« Il faut avoir une vision plus objective de l’intégration professionnelle d’une personne handicapée »

Randstad et FASTROAD ont inauguré le 18 février dernier le 1er réseau intérim dédié aux personnes en situation de handicap « Kliff par Randstad ». Jean-Marie Hugues, Directeur du Développement de Kliff, revient pour nous sur les principales caractéristiques de ce concept inédit.
« Il faut avoir une vision plus objective de l’intégration professionnelle d’une personne handicapée »

Vous avez inauguré, le 18 février 2020, la première Entreprise Adaptée de Travail Temporaire. Pourriez-vous nous en dire plus sur cette agence hors norme ?

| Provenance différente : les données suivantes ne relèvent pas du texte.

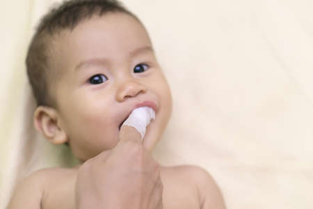 Mother cleans 8 months old baby mouth with a boiled gauze

La naissance de « Kliff par Randstad » a été rendue possible grâce à la loi Avenir professionnel qui a permis, dès janvier 2019, de créer des entreprises adaptées de travail temporaire (EATT). Adossé au groupe Randstad, numéro 1 mondial des services en ressources humaines, et créé avec l’entreprise adaptée de transport FASTROAD, “Kliff par Randstad” est le tout premier réseau d’intérim adapté qui propose un accompagnement à la fois pour les travailleurs handicapés et pour les entreprises utilisatrices. 
Nous construisons des parcours sur mesure pour les travailleurs en situation de handicap. Les trois quarts d’entre eux ont un niveau de formation inférieur au bac, rendant de fait leur profil moins attractif pour les employeurs. L’intérim leur permet de se former, de monter en compétences, de construire des parcours professionnels et, au final, de travailler leur employabilité à long terme.
Après l’inauguration de cette première agence à Saint-Denis, nous ouvrirons une seconde agence en Ile-de-France et une agence à Lyon avant la fin de l’année 2020. D’ici 2022, « Kliff par Randstad » disposera d’un réseau de 5 agences et ce sont a minima 1 250 personnes handicapées qui devraient être accompagnées vers l’emploi.

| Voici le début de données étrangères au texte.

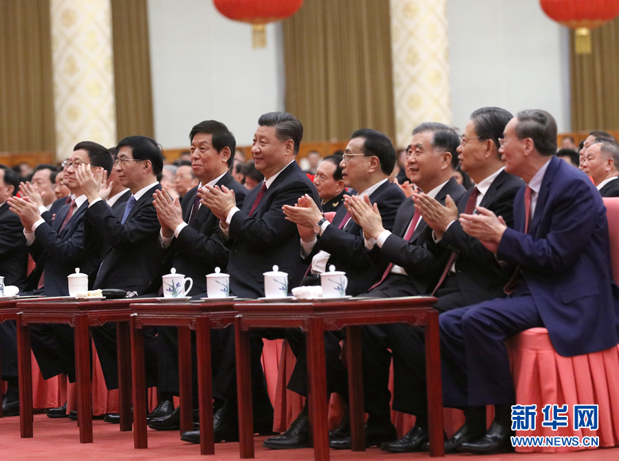 黨和國家領導人李克強、栗戰(zhàn)書、汪洋、王滬寧、趙樂際、韓正、王岐山等出席團拜會,李克強主持。

Pourquoi avoir souhaité expérimenter cette nouvelle forme d’agences ?

Les personnes en situation de handicap sont confrontées à un taux de chômage de 16%, soit deux fois le taux de chômage observé en France. C’est une sorte de double peine.
Ceci est notamment dû à une inadéquation entre la formation de ces travailleurs et les attentes du marché de l’emploi, comme évoqué précédemment, mais également à une autocensure des personnes en situation de handicap. Beaucoup d’entre elles n’osent pas pousser la porte des entreprises et se disent que le marché du travail n’est pas pour elles.
Au sein de ce nouveau réseau d’agences, les travailleurs en situation de handicap échangent avec des consultants et des médecins du travail formés à leurs problématiques, qui maitrisent les difficultés auxquelles ils sont confrontés et connaissant également les contraintes, et parfois les craintes, des entreprises. C’est un dialogue triplement gagnant qui s’engage.
“Kliff par Randstad” nous permet ainsi de réussir l’adéquation entre le poste à pourvoir, les compétences demandées et le handicap du travailleur.

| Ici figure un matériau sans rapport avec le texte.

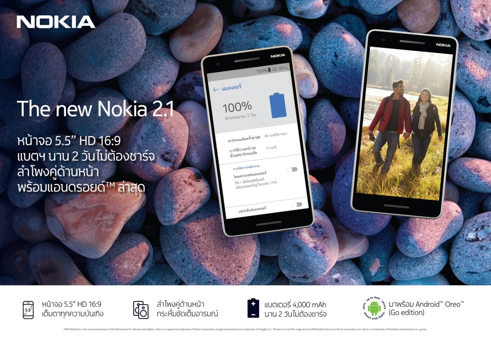 20/08/2018เอชเอ็มดี โกลบอล ผู้จำหน่ายสมาร์ทโฟนแบรนด์โนเกีย ประกาศเปิดตัวสมาร์ทโฟน new Nokia 2.1 อย่างเป็นทางการแล้วในประเทศไทย พร้อมวางจำหน่ายที่ร้านค้าและตัวแทนจำหน่ายทั่วประเทศตั้งแต่วันนี้เป็นต้นไป ในราคา 3,390 บาท สัมผัสประสบการณ์การใช้งานเพื่อความบันเทิงที่ยาวนานขึ้นกว่าเดิม ด้วยประสิทธิภาพในการใช้งานที่เหนือกว่าสมาร์ทโฟนรุ่นก่อนหน้าถึง 50% new Nokia 2.1 มาพร้อมหน้าจอที่ใหญ่ขึ้น HD 5.5 นิ้ว…

Pourquoi la question du handicap est-elle selon vous encore aujourd’hui un frein à l’emploi et comment briser les stéréotypes ?

C’est un vrai travail d’acculturation qu’il nous faut amorcer, changer les codes au niveau de l’ensemble de la Société. La méconnaissance du handicap laisse souvent la porte ouverte aux exagérations. On se représente par exemple le handicap nécessairement comme lourd. Mais, dans la réalité, 80% des handicaps sont invisibles ! Il faut dédramatiser et avoir une vision plus objective de ce que peut être l’intégration, dans la sphère professionnelle, d’une personne handicapée. 
Les pays du Nord de l’Europe peuvent, je crois, nous inspirer. Ils possèdent une culture de la mixité beaucoup plus forte que nous, qui débute dès l’enfance avec l’accueil d’élèves en situation de handicap au sein des cursus « classiques ». Les interactions avec les personnes handicapées sont ainsi abordées de manière beaucoup plus décomplexée. Nous avons, en France, des centres de formation dont les stagiaires sont à 100% en situation de handicap ou à 100% valides. Nous devons faire évoluer nos modes de fonctionnement en favorisant, à tous les niveaux, l’inclusion des handicapés dans la Société.